Les auteurs ont donc mis en place une seconde expérience pour laquelle ils ont manipulé les stimuli enregistrés pour les deux locuteurs les mieux perçus de la première expérience afin que les informations acoustiques et visuelles deviennent conflictuelles. Un troisième locuteur a été enregistré.
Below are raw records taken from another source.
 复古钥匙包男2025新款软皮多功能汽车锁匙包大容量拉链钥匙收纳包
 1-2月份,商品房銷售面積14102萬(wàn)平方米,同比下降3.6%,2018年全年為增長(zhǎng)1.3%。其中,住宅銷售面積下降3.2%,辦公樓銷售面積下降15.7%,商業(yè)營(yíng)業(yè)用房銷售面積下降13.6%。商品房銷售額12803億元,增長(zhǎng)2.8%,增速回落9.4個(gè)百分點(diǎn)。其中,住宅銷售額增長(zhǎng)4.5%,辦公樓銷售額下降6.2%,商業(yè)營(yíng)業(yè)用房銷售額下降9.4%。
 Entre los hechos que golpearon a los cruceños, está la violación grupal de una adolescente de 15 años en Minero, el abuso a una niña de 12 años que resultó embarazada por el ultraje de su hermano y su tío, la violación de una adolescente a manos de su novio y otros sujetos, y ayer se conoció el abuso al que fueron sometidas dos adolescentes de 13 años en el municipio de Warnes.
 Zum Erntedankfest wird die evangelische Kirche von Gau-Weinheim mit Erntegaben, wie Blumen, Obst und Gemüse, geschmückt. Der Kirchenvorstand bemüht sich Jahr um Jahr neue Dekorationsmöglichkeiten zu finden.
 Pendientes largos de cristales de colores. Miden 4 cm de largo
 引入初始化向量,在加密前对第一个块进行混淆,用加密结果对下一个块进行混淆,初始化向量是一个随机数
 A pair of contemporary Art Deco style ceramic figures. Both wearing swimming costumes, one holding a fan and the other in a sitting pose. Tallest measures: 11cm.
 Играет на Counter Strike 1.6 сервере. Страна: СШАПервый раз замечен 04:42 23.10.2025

Il avait pour tâche d’exagérer les expressions faciales produites. Cet enregistrement a été effectué dans le but de pouvoir tester s’il existait un gradient des effets des indices visuels sur la perception. Un total de 55 sujets a passé le test. La tâche perceptive était exactement identique à celle de la première expérience mais cette fois-ci le test n’avait lieu que pour la condition audiovisuelle. Chaque stimulus leur était également présenté deux fois. Les auteurs ont mesuré des effets significatifs de l’accent acoustique (« auditory accent »), de l’accent visuel (« visual accent ») et du locuteur et une interaction significative entre le locuteur et l’accent visuel. Globalement, les réponses des sujets tendent pour une large majorité à être en faveur de la syllabe ayant reçu l’accent acoustique. Cependant, lorsque cela n’est pas le cas, les réponses s’orientent le plus souvent vers la syllabe ayant reçu l’accent visuel. Les auteurs concluent que « the auditory cues are stronger than the visual cues though the latter cannot be ignored » (les indices acoustiques sont plus forts que les indices visuels bien que ces derniers ne puissent être ignorés). Ils notent aussi un effet de la position de la syllabe accentuée. L’effet des indices acoustiques est en effet plus fort pour la syllabe initiale que pour la syllabe finale. Les auteurs suggèrent que ceci serait dû au phénomène de déclinaison de F0 qui rendrait ainsi un pic de F0 sur la dernière syllabe moins fort qu’un pic de F0 sur la première syllabe. On pourra noter que cette hypothèse n’est peut-être pas la bonne puisqu’il a été montré que les auditeurs savent compenser le phénomène de déclinaison (Liberman & Pierrehumbert [1984]). Les auteurs constatent que les indices acoustiques ont moins d’effet chez le locuteur ayant exagéré les expressions faciales. Les auteurs précisent de plus que les résultats perceptifs bien que s’orientant vers l’accent acoustique sont beaucoup moins bons que les résultats obtenus pour la première expérience. Les sujets ont de plus apparemment trouvé le test difficile et les stimuli parfois étranges ce qui n’avait pas été rapporté lors de la première expérience. Les sujets ont donc clairement été perturbés par ces informations conflictuelles.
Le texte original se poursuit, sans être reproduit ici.